His narrative of the expedition, entitled ‘A Journey from Aleppo to Jerusalem at Easter A.D. 1697,’ was printed at Oxford in 1703, with dedications to Sprat, bishop of Rochester, whom he had probably met at Bromley, and to Hedges. It consisted of sixteen pages unpaged, partly of corrections and additions which had come too late for incorporation in the text, then 142 pages of narrative, and lastly, seven pages with two letters from him to Osborn, also a fellow of Exeter College. A second edition came out in 1707, and a third issue, with ‘An Account of the Author's Journey [April 1699] to the Banks of Euphrates at Beer and to Mesopotamia,’ appeared in 1714. Hedges had given the manuscript to the university without any restrictions, and when the third impression was required he was asked for Maundrell's ‘inscriptions and some other improvements’ in his possession, but he declined, as the authorities had ‘not sent him so much as one copy for his former present,’ an omission, says Hearne, not to be imputed to Aldrich, who had supervised the impressions (Collections, ed. Doble, iii. 117). Numerous impressions came out in later years, and it was issued in 1810 in a volume with Bishop Robert Clayton's ‘Journal from Grand Cairo to Mount Sinai,’ and with the remarks of Joseph Pitts on the Mahometans, to which was prefixed Maundrell's print, ‘from an original drawing’ belonging to Richard Dagley. It was also included in the collections of Harris, Pinkerton, and Moore, in the ‘World Displayed,’ vol. xi., and in H. G. Bohn's ‘Early Travels in Palestine,’ edited by Thomas Wright in 1848. A French translation appeared at Utrecht in 1705 and at Paris in 1706. A Dutch translation was inserted in ‘Kanaan en d'omleggende Landen,’ Leeuwarden, 1717, pp. 455–520; a rendering from French into German, by Louis Fr. Vischer, was published at Hamburg in 1737, and it formed part of volume i. of Paulus's ‘Collection,’ issued at Jena in 1792. The journals of his companion, Richard Chiswell (1673–1751) [q. v.], and a copy of Maundrell's ‘Journey,’ with a few manuscript notes, are in British Museum Addit. MSS. 10623–4.

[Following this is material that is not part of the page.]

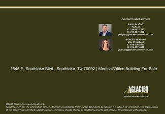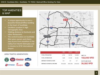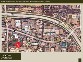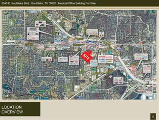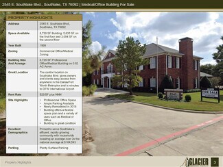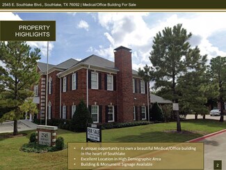 FEATURES: • A unique opportunity to own a beautiful Medical/Office building in the heart of Southlake • 8,729 SF Building: 5,635 SF on the first floor and 3,094 SF on the second floor. • Walking distance to Starbucks and other Restaurants • Suite offers Tenant a flexible space plan and a variety of uses such as Medical or Office • Very nice high-end finishes and options • Ample Parking • The central location on Southlake Blvd.gives owners and clients easy access from anywhere in the Dallas/Fort Worth Metroplex and is minutes to DFW International Airport • Building in great condition with new roof in 2018 • Building & Monument Signage Available

Maundrell is entitled to considerable praise as a judicious and careful traveller, but it is insinuated in the Rawlinson MSS. ii. 81, that he had taken one of his views from the ‘Histoire et Voyage de la Terre Sainte par Père Jaques Goujon’ (Lyon, 1671), and Alexander Drummond in his ‘Travels’ (1754) censures some of his suggestions. He was also the author of ‘A Sermon preach'd before the Company of Levant Merchants at St. Peter Poor, Dec. 15, 1695,’ and an inscription from Syria, sent by him to Bishop Lloyd of Worcester, is illustrated with critical observations in Samuel Jebb's ‘Bibliotheca Literaria’ (1722), pp. 2–6.

[Boase's Exeter Coll. pp. 82–7, 213, 229; Foster's Alumni Oxon.; Dunkin's Bromley, p. 27; Pearson's Levant Chaplains, pp. 18, 24–5, 58; Addit. MS. 24107, Brit. Mus. (with many letters from Hedges to Maundrell); Biog. Univ.; information from the Rev. Vincent F. Ransome of Compton Bassett.]